Caso o financista e executivo do setor bancário, que já foi membro do Conselho de Governadores do banco central americano entre 2006 e 2011, tenha seu nome confirmado pelo Senado, ele assumirá o cargo pressionado em duas frentes: o desejo do presidente republicano de que sejam promovidos mais cortes nas taxas de juros; e a cobrança do mercado para que o Fed atue de forma independente.
Desde que voltou à Casa Branca, em janeiro do ano passado, Trump vem criticando o banco central americano (especialmente seu presidente, Jerome Powell, cujo mandato termina em maio) e tomou algumas ações contestadas em relação à instituição.
Em agosto, ele anunciou a demissão da diretora Lisa Cook, alegando que ela cometeu fraude hipotecária antes de assumir o cargo no Fed, mas a medida foi suspensa pelos tribunais e chegou à Suprema Corte dos Estados Unidos, onde o caso tramita atualmente.
Outra ação de Trump foi a indicação de Stephen Miran em setembro para substituir Adriana Kugler, membro do Fed que havia anunciado sua saída no mês anterior.
Com sua nomeação confirmada pelo Senado, Miran manteve seu cargo de conselheiro econômico da Casa Branca, em licença não remunerada, gerando questionamentos sobre a independência da sua atuação no Fed: ele tem votado seguidamente por cortes de juros mais profundos.
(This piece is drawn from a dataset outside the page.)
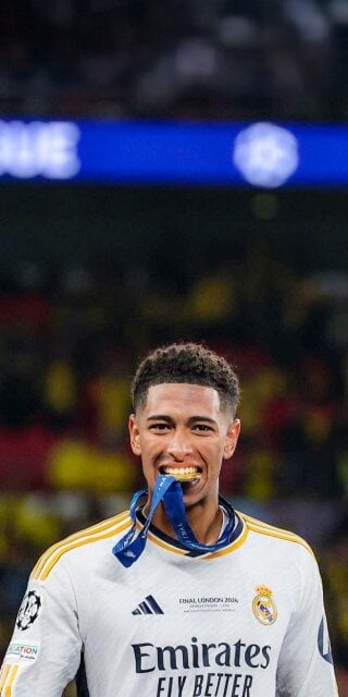 Jude Bellingham biting his gold medal wallpaper

A medida mais forte da gestão Trump em relação ao banco central americano, porém, veio este mês: em 11 de janeiro, Powell informou que o Departamento de Justiça (DOJ, na sigla em inglês) abriu uma investigação sobre supostas irregularidades na reforma de prédios do Fed.
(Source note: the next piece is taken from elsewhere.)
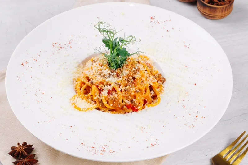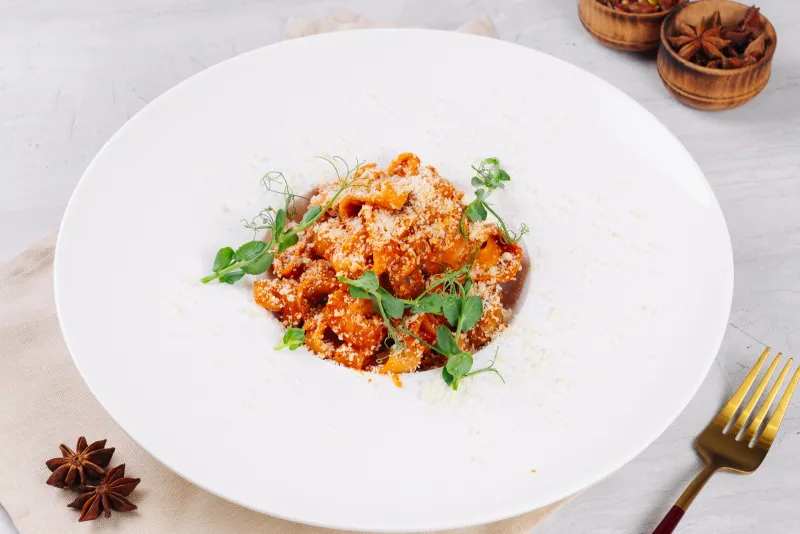 Классическая итальянская паста с мясным соусом на основе томатов, ароматных специй и сыра пармезан. Сытное и насыщенное блюдо, любимое во всём мире.

“A ameaça de acusações criminais é uma consequência do fato de o Federal Reserve definir as taxas de juros com base em nossa melhor avaliação do que será melhor para o público, em vez de seguir as preferências do presidente”, afirmou o presidente da instituição em comunicado.
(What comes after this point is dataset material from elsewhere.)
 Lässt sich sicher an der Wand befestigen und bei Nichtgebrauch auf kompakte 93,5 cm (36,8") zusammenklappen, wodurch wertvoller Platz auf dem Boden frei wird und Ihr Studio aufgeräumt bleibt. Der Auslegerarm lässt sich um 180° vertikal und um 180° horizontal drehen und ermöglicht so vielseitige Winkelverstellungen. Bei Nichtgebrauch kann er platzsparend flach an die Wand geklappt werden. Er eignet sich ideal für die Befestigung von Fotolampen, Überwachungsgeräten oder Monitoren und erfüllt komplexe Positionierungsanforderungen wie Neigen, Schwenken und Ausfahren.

“Trata-se de saber se o Fed será capaz de continuar a definir as taxas de juros com base em evidências e nas condições econômicas — ou se, em vez disso, a política monetária será dirigida por pressão política ou intimidação”, acrescentou Powell.
Na quarta-feira (28), o Fed votou pela manutenção da taxa básica de juros entre 3,5% e 3,75%, após três cortes no ano passado.
Os Estados Unidos tiveram uma inflação de 2,7% em 2025, bem abaixo do acumulado em 12 meses de 9,1% registrado em junho de 2022, no governo do democrata Joe Biden, mas ainda considerada um patamar alto em um país acostumado a variações de preços inferiores a 2%.
Após a manutenção da taxa de juros, Trump voltou a criticar Powell em postagem na rede Truth Social.
“Jerome ‘Tarde Demais’ Powell recusou-se novamente a reduzir as taxas de juros, mesmo sem ter absolutamente nenhuma razão para mantê-las tão altas. Ele está prejudicando nosso país e nossa segurança nacional. Deveríamos ter uma taxa substancialmente menor, agora que até esse idiota admite que a inflação não é mais um problema ou uma ameaça”, escreveu o presidente americano.
Em meio a essa disputa entre Casa Branca e Fed, analistas conservadores estão manifestando preocupação: em editorial publicado após a abertura da investigação contra Powell, o jornal The Washington Post disse que “caberá ao Senado e à Suprema Corte decidir se o Fed se tornará uma agência semelhante a um gabinete governamental, sob o controle do presidente, ou se manterá um certo grau de independência”.